▶ _ASSIGNMENT_: An exact copy of every entry is needed here; the images stay out.

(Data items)
BEGIN
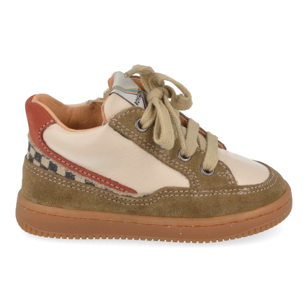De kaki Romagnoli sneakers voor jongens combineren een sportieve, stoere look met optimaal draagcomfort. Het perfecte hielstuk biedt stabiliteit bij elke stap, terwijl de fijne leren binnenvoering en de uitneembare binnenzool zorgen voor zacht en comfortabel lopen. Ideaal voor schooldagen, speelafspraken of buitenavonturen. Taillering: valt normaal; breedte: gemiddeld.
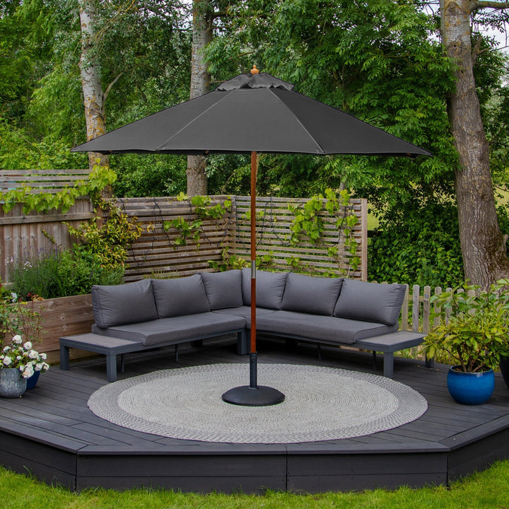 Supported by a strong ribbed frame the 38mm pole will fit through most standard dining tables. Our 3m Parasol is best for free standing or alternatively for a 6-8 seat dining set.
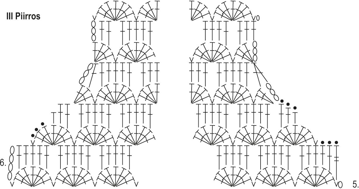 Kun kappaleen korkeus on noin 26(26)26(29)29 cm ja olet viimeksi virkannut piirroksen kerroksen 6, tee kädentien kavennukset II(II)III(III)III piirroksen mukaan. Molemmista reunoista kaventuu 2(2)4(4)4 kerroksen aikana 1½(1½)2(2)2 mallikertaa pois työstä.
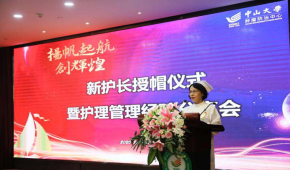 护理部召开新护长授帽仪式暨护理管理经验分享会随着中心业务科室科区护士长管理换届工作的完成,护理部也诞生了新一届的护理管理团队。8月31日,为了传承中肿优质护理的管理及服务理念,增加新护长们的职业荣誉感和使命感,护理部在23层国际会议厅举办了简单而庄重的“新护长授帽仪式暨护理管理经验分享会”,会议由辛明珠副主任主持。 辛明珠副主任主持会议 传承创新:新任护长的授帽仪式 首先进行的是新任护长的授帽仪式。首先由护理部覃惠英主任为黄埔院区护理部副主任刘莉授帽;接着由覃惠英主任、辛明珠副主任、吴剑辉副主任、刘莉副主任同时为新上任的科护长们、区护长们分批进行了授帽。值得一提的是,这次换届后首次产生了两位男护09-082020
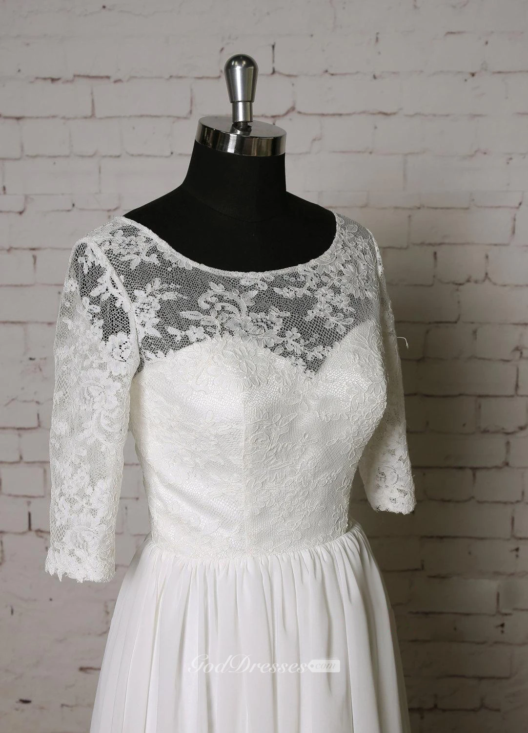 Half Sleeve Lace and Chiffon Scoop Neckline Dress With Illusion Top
END
▶ _SOLUTION_:
De kaki Romagnoli sneakers voor jongens combineren een sportieve, stoere look met optimaal draagcomfort. Het perfecte hielstuk biedt stabiliteit bij elke stap, terwijl de fijne leren binnenvoering en de uitneembare binnenzool zorgen voor zacht en comfortabel lopen. Ideaal voor schooldagen, speelafspraken of buitenavonturen. Taillering: valt normaal; breedte: gemiddeld.
 Supported by a strong ribbed frame the 38mm pole will fit through most standard dining tables. Our 3m Parasol is best for free standing or alternatively for a 6-8 seat dining set.
 Kun kappaleen korkeus on noin 26(26)26(29)29 cm ja olet viimeksi virkannut piirroksen kerroksen 6, tee kädentien kavennukset II(II)III(III)III piirroksen mukaan. Molemmista reunoista kaventuu 2(2)4(4)4 kerroksen aikana 1½(1½)2(2)2 mallikertaa pois työstä.
 护理部召开新护长授帽仪式暨护理管理经验分享会随着中心业务科室科区护士长管理换届工作的完成,护理部也诞生了新一届的护理管理团队。8月31日,为了传承中肿优质护理的管理及服务理念,增加新护长们的职业荣誉感和使命感,护理部在23层国际会议厅举办了简单而庄重的“新护长授帽仪式暨护理管理经验分享会”,会议由辛明珠副主任主持。 辛明珠副主任主持会议 传承创新:新任护长的授帽仪式 首先进行的是新任护长的授帽仪式。首先由护理部覃惠英主任为黄埔院区护理部副主任刘莉授帽;接着由覃惠英主任、辛明珠副主任、吴剑辉副主任、刘莉副主任同时为新上任的科护长们、区护长们分批进行了授帽。值得一提的是,这次换届后首次产生了两位男护09-082020
 Half Sleeve Lace and Chiffon Scoop Neckline Dress With Illusion Top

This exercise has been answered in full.